I want to extract the Value which in the total column I have converted the pdf Text using the Read PDF text Activity, Just need a regex expression for the same

kindly share this table in text format

Regards

can you share the output text which you get after read pdf text activity

1 Like

Hi @Ishan_Shelke ,

Could you please share the PDF’s ouput text. If your total value always comes after/before any fixed value like ‘Total’ or ‘Line Total’; then you can use Lookahead assertion or Lookbehind assertion.

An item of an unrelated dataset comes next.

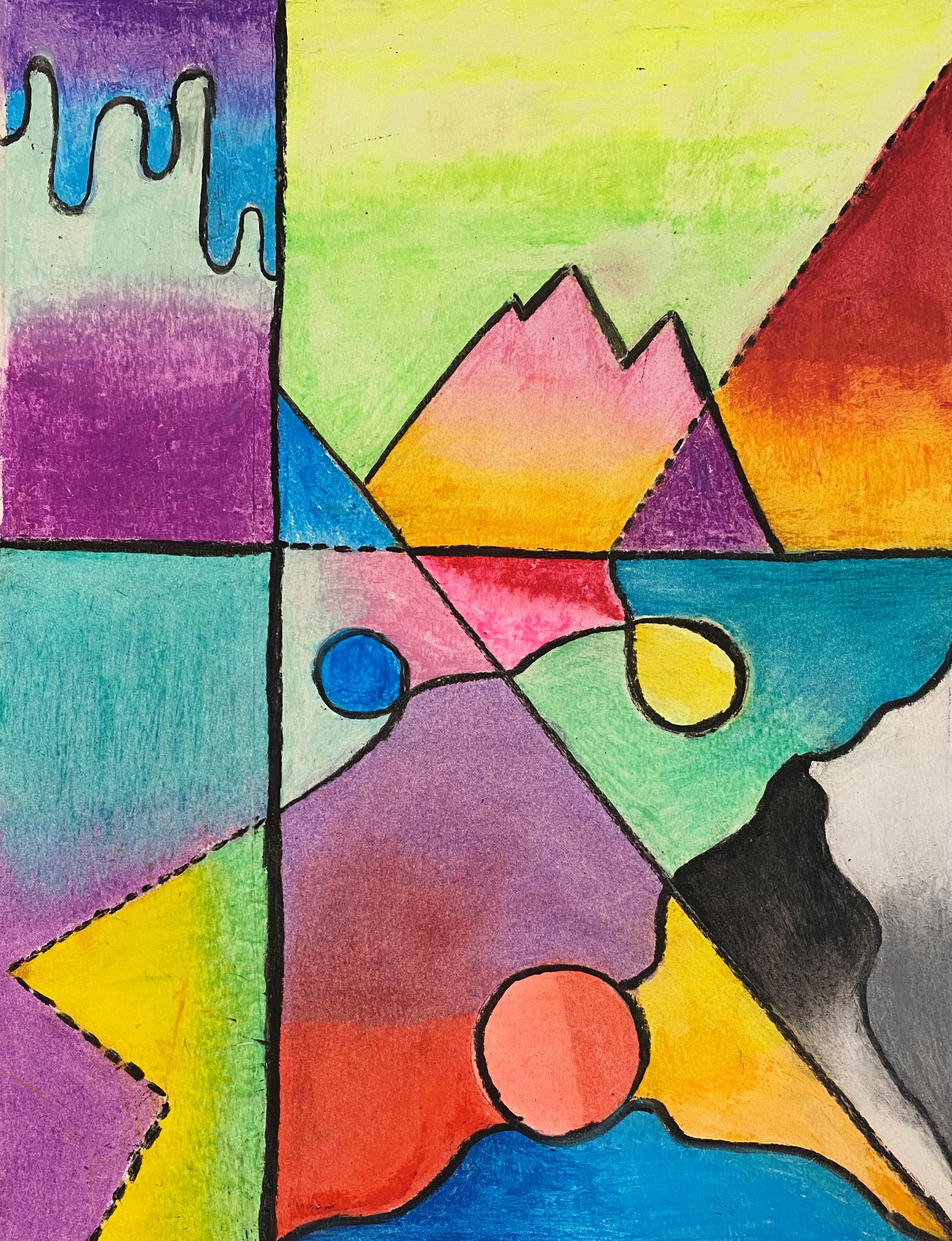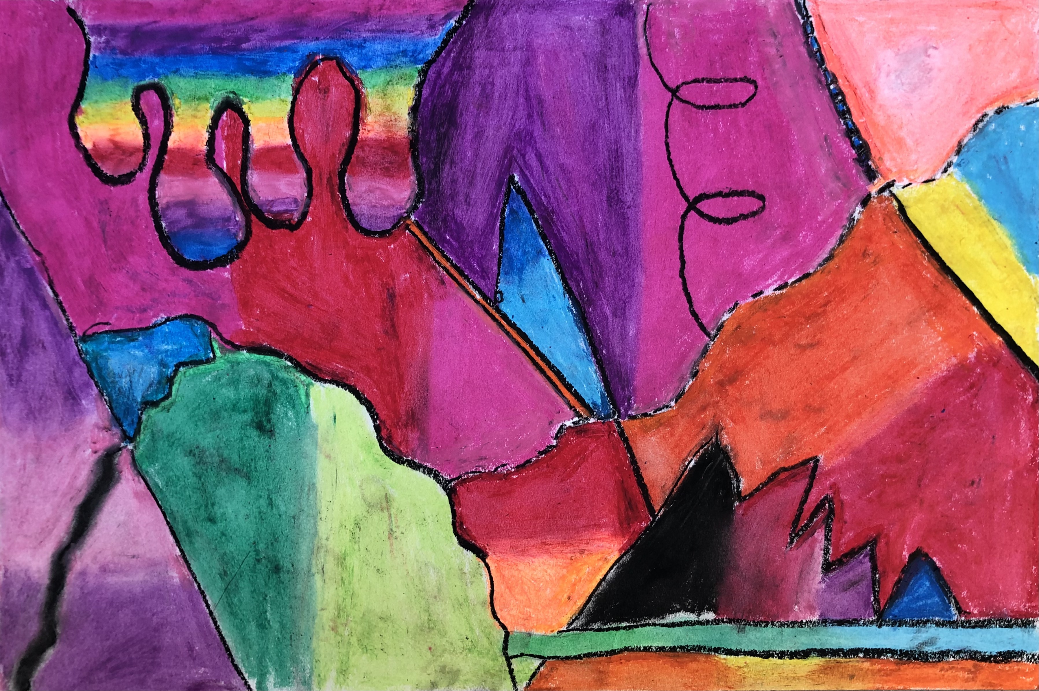 Students created a composition using lines. Students were required to use at least one of each of the following lines: straight, curvy, zig-zag, dashed, and a line with a loop. Students were allowed to add more lines, combine line types, and were encouraged to experiment with different line qualities.

I can share the whole regex pattern once you share the pdf text.

sample.txt (1.6 KB)

Here is the Sample Guys

I need the value which is below Total Column in this case it is :

image

Hi @Ishan_Shelke ,
this image is input?
you use read pdf text to get String
then use regex to get a string in that,
can you share file or your string to test regex?

regards,

Hey @Ishan_Shelke can u try this regex pattern (?<=(Total)\s+)(₹\d+,\d+.\d+) or u can also go with this pattern:₹\d{2},\d{3}.\d{2}
image

Regards,

Hey @Ishan_Shelke ,

I have made a xaml according to your requirements
Below is the output screenshot
image

Below is the File
Ishan Forum.zip (3.3 KB)

Below is the regex that i used
(?<=\sTotal\s*₹ )\d+(,|.)\d+(,|.)\d+

This regex function locates the term “Total” and captures numerical values, even if they include commas (,) or periods (.), from the PDF text. This approach is effective because the numeric format in the PDF content might vary, such as:

  • 686.33
  • 87886,99
  • 899,90.00

Thus, this regex pattern adequately handles diverse numeric representations.
Hope it helps you out!

Happy automation

1 Like

Hi,

Could you check the below expression for your all PDF output’s text →

System.Text.RegularExpressions.Regex.Matches(txt, “(?<=\₹\s)[\d,.]+”)(0).ToString

I am simply taking first amount which is preceded by \₹.

The Rate amount is also there but not preceded by \₹, if your all extracted PDF text is getting in same format then shared expression will work.

This topic was automatically closed 3 days after the last reply. New replies are no longer allowed.